TASK PROMPT:
Recreate the listing that follows line for line, without pictures.

PROVIDED RECORDS:
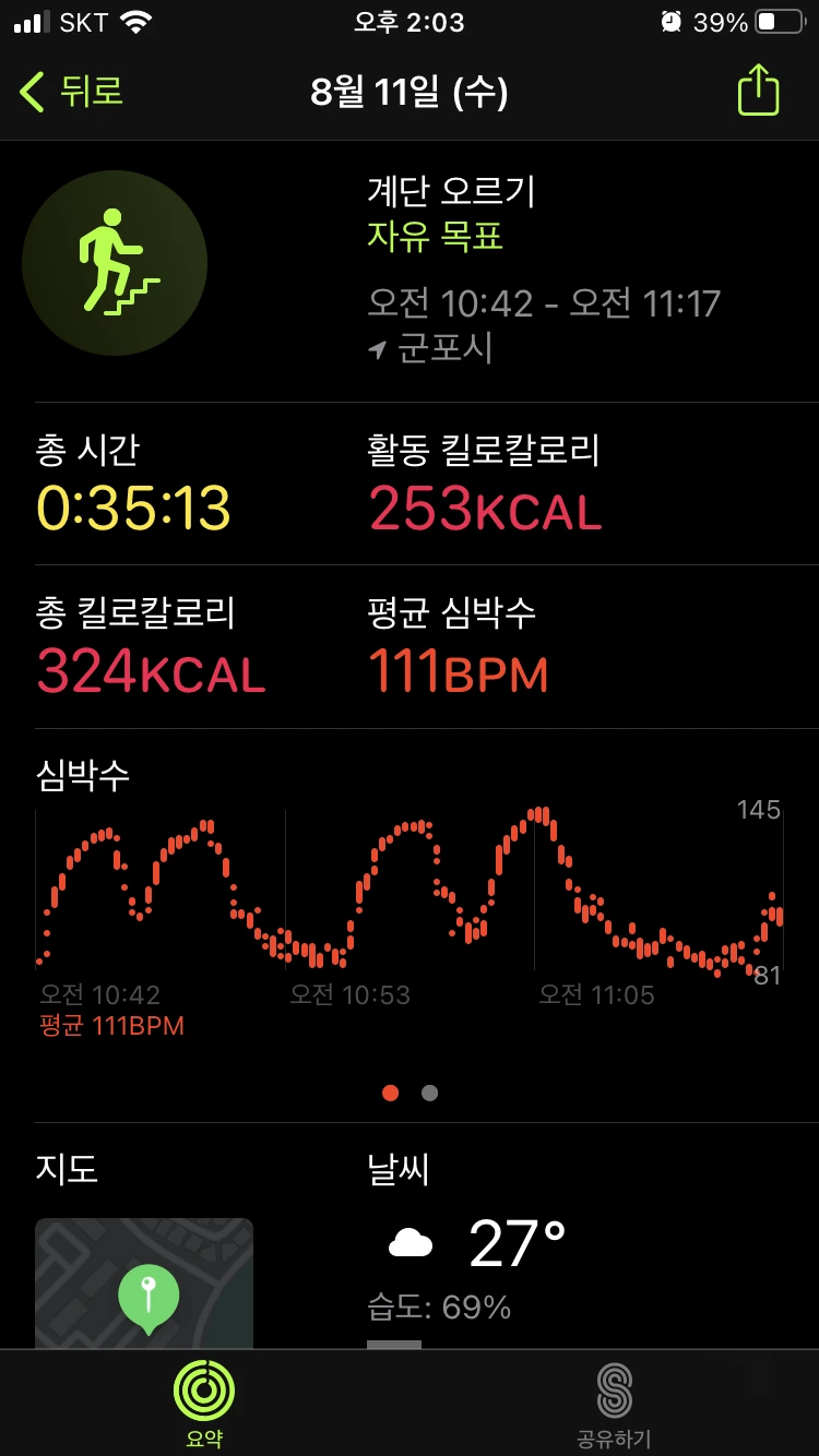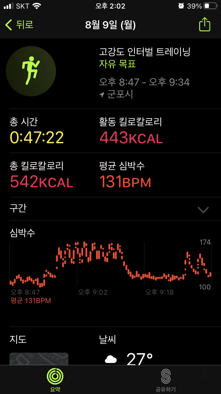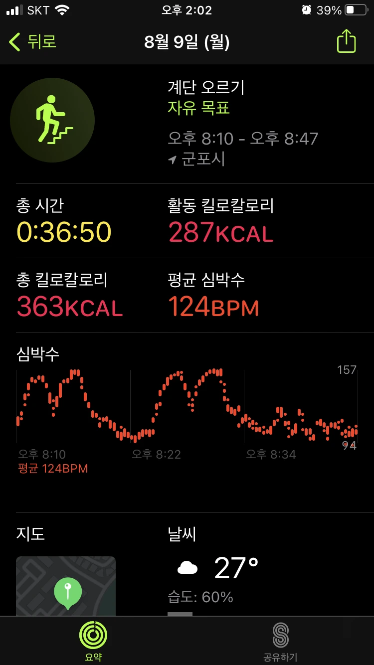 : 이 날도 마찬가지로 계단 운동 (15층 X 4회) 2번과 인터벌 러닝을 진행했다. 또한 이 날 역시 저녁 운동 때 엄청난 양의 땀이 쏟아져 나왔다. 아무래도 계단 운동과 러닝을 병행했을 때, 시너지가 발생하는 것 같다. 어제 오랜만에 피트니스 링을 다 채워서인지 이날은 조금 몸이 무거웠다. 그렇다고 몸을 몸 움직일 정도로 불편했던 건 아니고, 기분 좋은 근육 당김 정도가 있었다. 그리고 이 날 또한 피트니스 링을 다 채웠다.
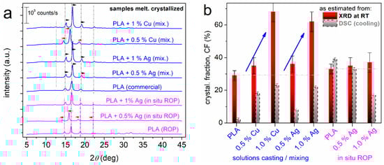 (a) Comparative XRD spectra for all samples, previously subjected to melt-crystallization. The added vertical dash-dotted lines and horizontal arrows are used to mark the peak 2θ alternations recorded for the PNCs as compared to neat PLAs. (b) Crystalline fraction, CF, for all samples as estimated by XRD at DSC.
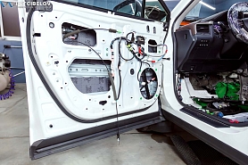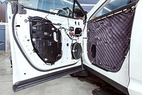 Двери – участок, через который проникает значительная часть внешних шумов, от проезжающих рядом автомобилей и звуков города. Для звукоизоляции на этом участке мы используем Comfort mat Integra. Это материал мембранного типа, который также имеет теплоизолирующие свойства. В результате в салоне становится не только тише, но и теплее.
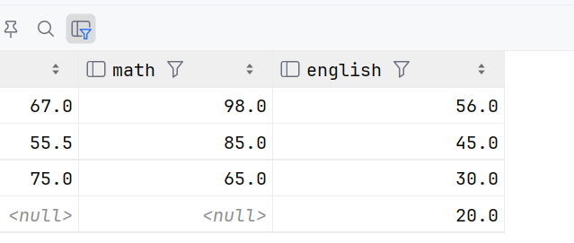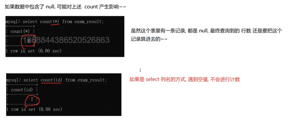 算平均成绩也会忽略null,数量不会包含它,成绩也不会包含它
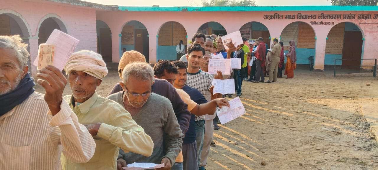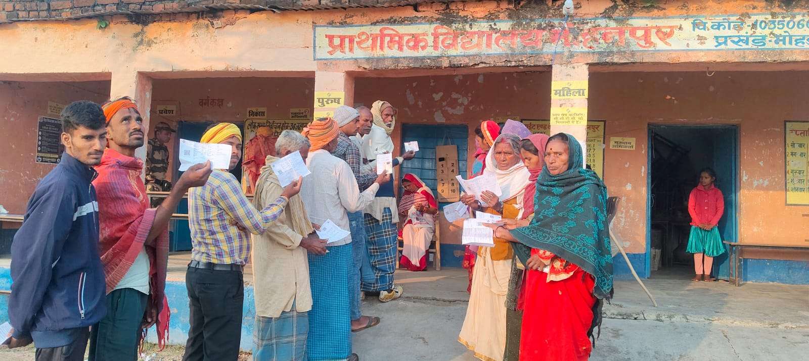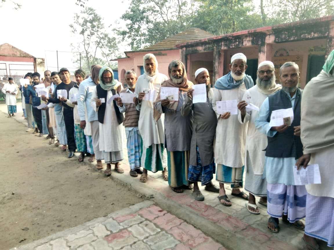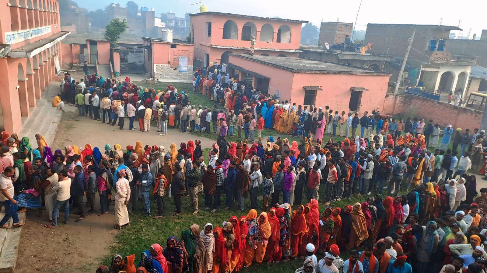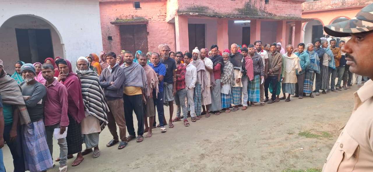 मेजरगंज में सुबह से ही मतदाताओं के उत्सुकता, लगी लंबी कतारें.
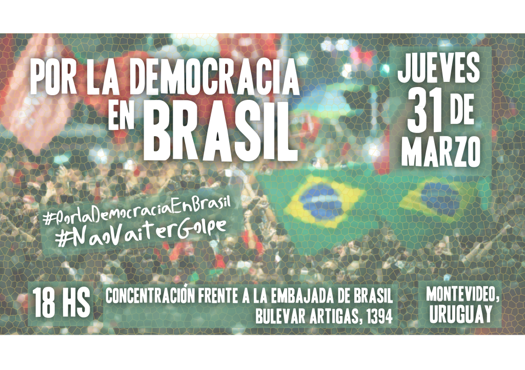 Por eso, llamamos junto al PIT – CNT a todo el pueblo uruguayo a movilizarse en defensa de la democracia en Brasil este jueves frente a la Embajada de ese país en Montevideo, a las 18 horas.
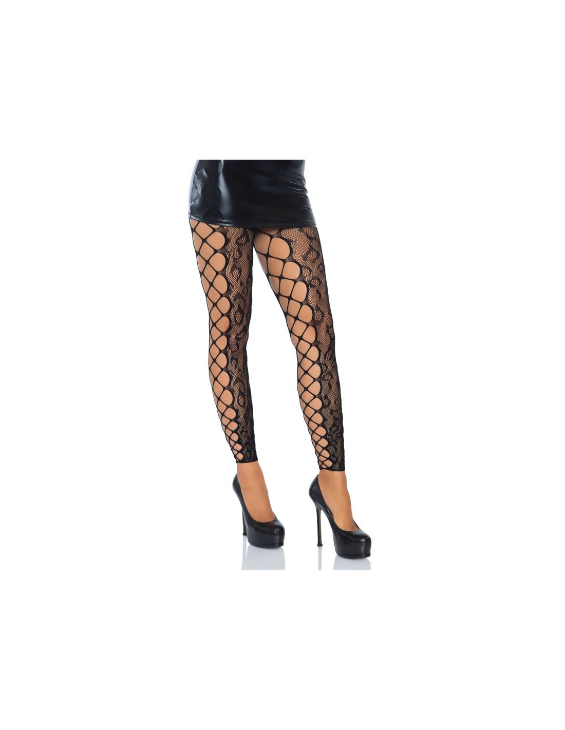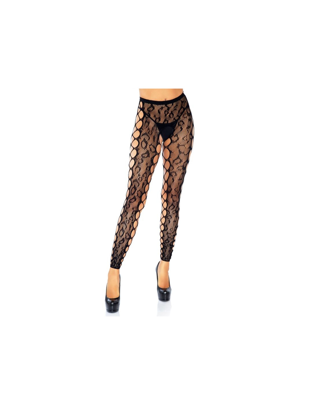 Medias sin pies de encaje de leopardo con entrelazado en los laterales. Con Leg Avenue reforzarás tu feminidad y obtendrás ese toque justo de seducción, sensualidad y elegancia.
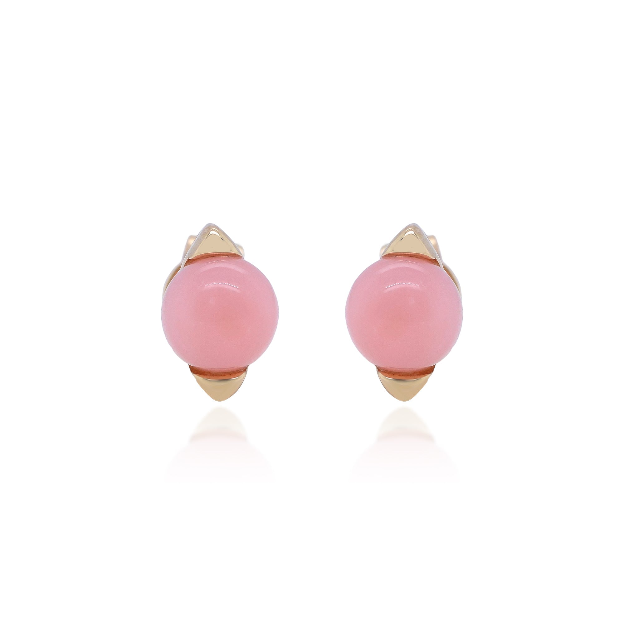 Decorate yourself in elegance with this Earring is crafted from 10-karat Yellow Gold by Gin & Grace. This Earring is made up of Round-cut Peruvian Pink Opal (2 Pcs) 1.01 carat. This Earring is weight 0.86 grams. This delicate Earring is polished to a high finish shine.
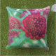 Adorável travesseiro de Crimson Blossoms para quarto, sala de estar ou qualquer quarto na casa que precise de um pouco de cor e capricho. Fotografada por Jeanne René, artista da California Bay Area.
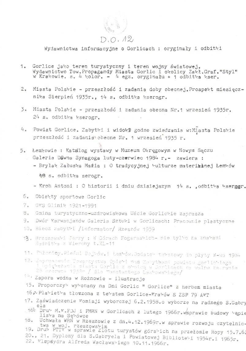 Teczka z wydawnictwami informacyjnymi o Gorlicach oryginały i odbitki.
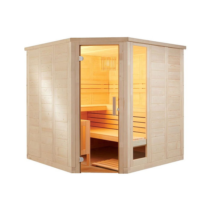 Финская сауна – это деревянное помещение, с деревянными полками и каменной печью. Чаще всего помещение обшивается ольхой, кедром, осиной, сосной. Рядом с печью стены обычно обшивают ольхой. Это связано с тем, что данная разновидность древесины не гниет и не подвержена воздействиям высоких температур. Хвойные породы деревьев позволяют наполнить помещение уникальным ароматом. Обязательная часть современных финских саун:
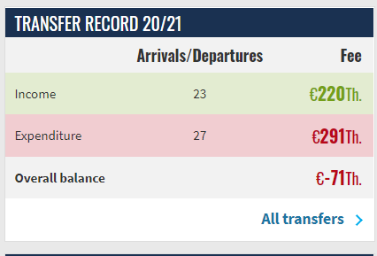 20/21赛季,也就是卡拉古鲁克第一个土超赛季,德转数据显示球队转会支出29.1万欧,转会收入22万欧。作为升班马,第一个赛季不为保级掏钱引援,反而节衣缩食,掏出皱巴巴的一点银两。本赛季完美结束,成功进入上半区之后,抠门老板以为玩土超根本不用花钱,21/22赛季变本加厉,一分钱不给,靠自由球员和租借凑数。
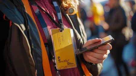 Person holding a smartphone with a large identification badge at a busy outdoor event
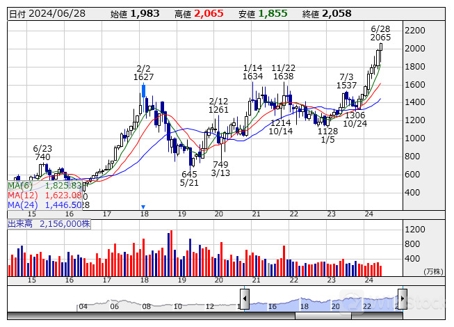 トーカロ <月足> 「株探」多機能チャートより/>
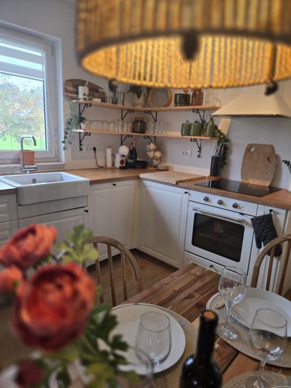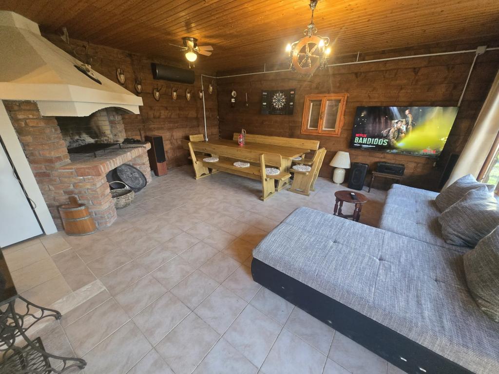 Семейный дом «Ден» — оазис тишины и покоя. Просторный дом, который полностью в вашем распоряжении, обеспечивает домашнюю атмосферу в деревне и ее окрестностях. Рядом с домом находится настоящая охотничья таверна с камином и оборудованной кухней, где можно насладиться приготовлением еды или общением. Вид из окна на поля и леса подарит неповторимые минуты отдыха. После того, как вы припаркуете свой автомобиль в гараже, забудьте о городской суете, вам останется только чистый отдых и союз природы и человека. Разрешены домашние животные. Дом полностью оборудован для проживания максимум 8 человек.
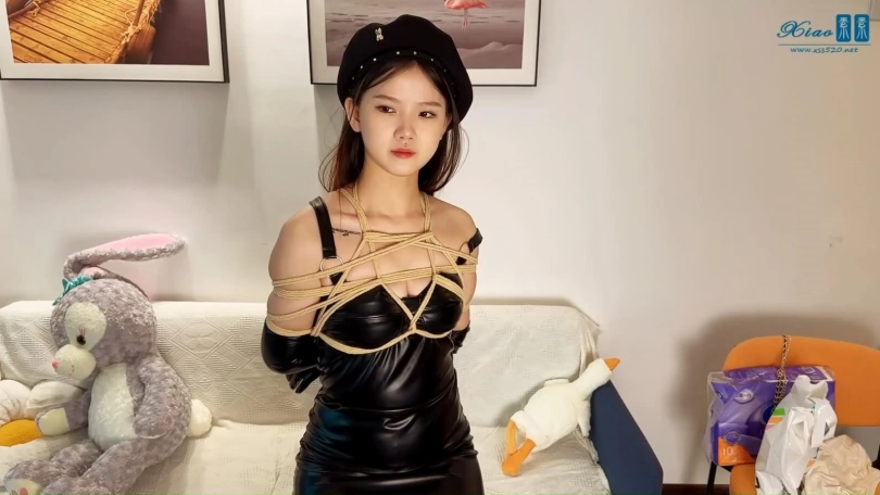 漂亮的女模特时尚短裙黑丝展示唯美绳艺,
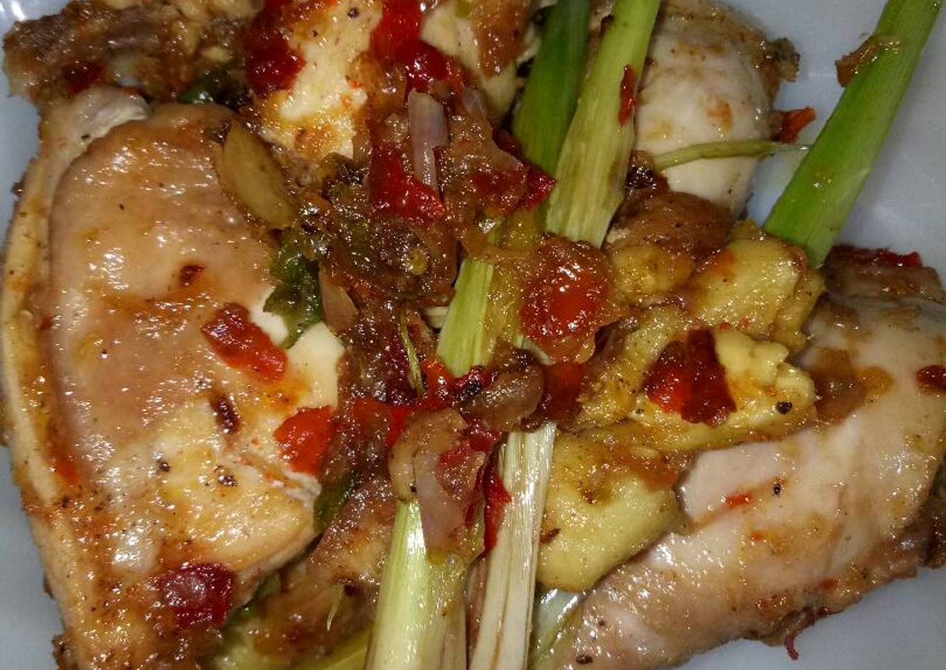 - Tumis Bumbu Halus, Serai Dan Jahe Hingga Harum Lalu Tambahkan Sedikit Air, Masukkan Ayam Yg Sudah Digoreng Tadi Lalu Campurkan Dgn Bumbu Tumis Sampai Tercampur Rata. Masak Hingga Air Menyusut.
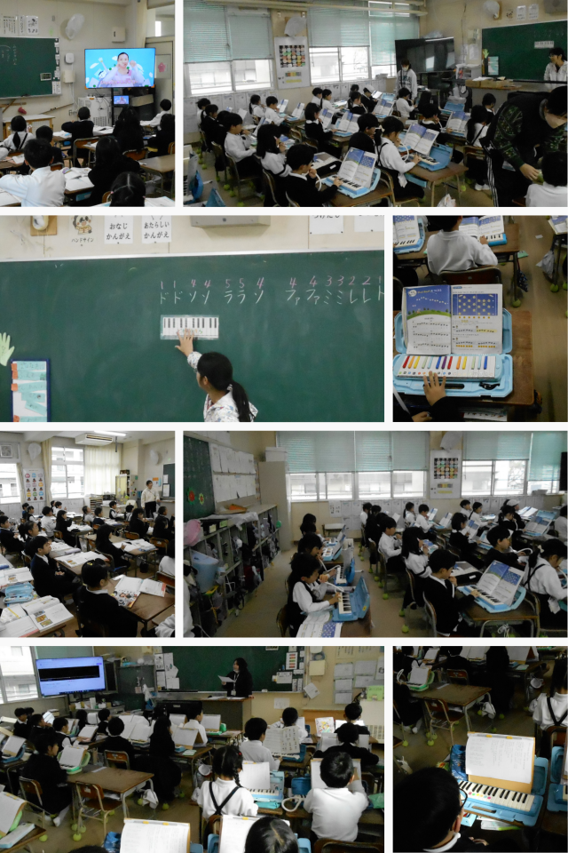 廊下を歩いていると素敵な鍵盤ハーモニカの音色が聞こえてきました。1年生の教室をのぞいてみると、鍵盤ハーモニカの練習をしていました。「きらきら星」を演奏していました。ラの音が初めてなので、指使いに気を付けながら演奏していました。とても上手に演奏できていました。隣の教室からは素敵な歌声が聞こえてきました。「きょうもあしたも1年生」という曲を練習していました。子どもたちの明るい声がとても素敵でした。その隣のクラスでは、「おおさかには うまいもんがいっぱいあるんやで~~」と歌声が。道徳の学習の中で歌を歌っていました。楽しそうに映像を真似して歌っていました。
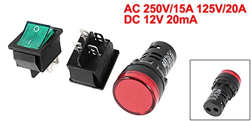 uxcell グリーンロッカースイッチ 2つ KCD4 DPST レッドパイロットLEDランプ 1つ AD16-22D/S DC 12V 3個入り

WRITTEN ANSWER:
 : 이 날도 마찬가지로 계단 운동 (15층 X 4회) 2번과 인터벌 러닝을 진행했다. 또한 이 날 역시 저녁 운동 때 엄청난 양의 땀이 쏟아져 나왔다. 아무래도 계단 운동과 러닝을 병행했을 때, 시너지가 발생하는 것 같다. 어제 오랜만에 피트니스 링을 다 채워서인지 이날은 조금 몸이 무거웠다. 그렇다고 몸을 몸 움직일 정도로 불편했던 건 아니고, 기분 좋은 근육 당김 정도가 있었다. 그리고 이 날 또한 피트니스 링을 다 채웠다.
 (a) Comparative XRD spectra for all samples, previously subjected to melt-crystallization. The added vertical dash-dotted lines and horizontal arrows are used to mark the peak 2θ alternations recorded for the PNCs as compared to neat PLAs. (b) Crystalline fraction, CF, for all samples as estimated by XRD at DSC.
 Двери – участок, через который проникает значительная часть внешних шумов, от проезжающих рядом автомобилей и звуков города. Для звукоизоляции на этом участке мы используем Comfort mat Integra. Это материал мембранного типа, который также имеет теплоизолирующие свойства. В результате в салоне становится не только тише, но и теплее.
 算平均成绩也会忽略null,数量不会包含它,成绩也不会包含它
 मेजरगंज में सुबह से ही मतदाताओं के उत्सुकता, लगी लंबी कतारें.
 Por eso, llamamos junto al PIT – CNT a todo el pueblo uruguayo a movilizarse en defensa de la democracia en Brasil este jueves frente a la Embajada de ese país en Montevideo, a las 18 horas.
 Medias sin pies de encaje de leopardo con entrelazado en los laterales. Con Leg Avenue reforzarás tu feminidad y obtendrás ese toque justo de seducción, sensualidad y elegancia.
 Decorate yourself in elegance with this Earring is crafted from 10-karat Yellow Gold by Gin & Grace. This Earring is made up of Round-cut Peruvian Pink Opal (2 Pcs) 1.01 carat. This Earring is weight 0.86 grams. This delicate Earring is polished to a high finish shine.
 Adorável travesseiro de Crimson Blossoms para quarto, sala de estar ou qualquer quarto na casa que precise de um pouco de cor e capricho. Fotografada por Jeanne René, artista da California Bay Area.
 Teczka z wydawnictwami informacyjnymi o Gorlicach oryginały i odbitki.
 Финская сауна – это деревянное помещение, с деревянными полками и каменной печью. Чаще всего помещение обшивается ольхой, кедром, осиной, сосной. Рядом с печью стены обычно обшивают ольхой. Это связано с тем, что данная разновидность древесины не гниет и не подвержена воздействиям высоких температур. Хвойные породы деревьев позволяют наполнить помещение уникальным ароматом. Обязательная часть современных финских саун:
 20/21赛季,也就是卡拉古鲁克第一个土超赛季,德转数据显示球队转会支出29.1万欧,转会收入22万欧。作为升班马,第一个赛季不为保级掏钱引援,反而节衣缩食,掏出皱巴巴的一点银两。本赛季完美结束,成功进入上半区之后,抠门老板以为玩土超根本不用花钱,21/22赛季变本加厉,一分钱不给,靠自由球员和租借凑数。
 Person holding a smartphone with a large identification badge at a busy outdoor event
 トーカロ <月足> 「株探」多機能チャートより/>
 Семейный дом «Ден» — оазис тишины и покоя. Просторный дом, который полностью в вашем распоряжении, обеспечивает домашнюю атмосферу в деревне и ее окрестностях. Рядом с домом находится настоящая охотничья таверна с камином и оборудованной кухней, где можно насладиться приготовлением еды или общением. Вид из окна на поля и леса подарит неповторимые минуты отдыха. После того, как вы припаркуете свой автомобиль в гараже, забудьте о городской суете, вам останется только чистый отдых и союз природы и человека. Разрешены домашние животные. Дом полностью оборудован для проживания максимум 8 человек.
 漂亮的女模特时尚短裙黑丝展示唯美绳艺,
 - Tumis Bumbu Halus, Serai Dan Jahe Hingga Harum Lalu Tambahkan Sedikit Air, Masukkan Ayam Yg Sudah Digoreng Tadi Lalu Campurkan Dgn Bumbu Tumis Sampai Tercampur Rata. Masak Hingga Air Menyusut.
 廊下を歩いていると素敵な鍵盤ハーモニカの音色が聞こえてきました。1年生の教室をのぞいてみると、鍵盤ハーモニカの練習をしていました。「きらきら星」を演奏していました。ラの音が初めてなので、指使いに気を付けながら演奏していました。とても上手に演奏できていました。隣の教室からは素敵な歌声が聞こえてきました。「きょうもあしたも1年生」という曲を練習していました。子どもたちの明るい声がとても素敵でした。その隣のクラスでは、「おおさかには うまいもんがいっぱいあるんやで~~」と歌声が。道徳の学習の中で歌を歌っていました。楽しそうに映像を真似して歌っていました。
 uxcell グリーンロッカースイッチ 2つ KCD4 DPST レッドパイロットLEDランプ 1つ AD16-22D/S DC 12V 3個入り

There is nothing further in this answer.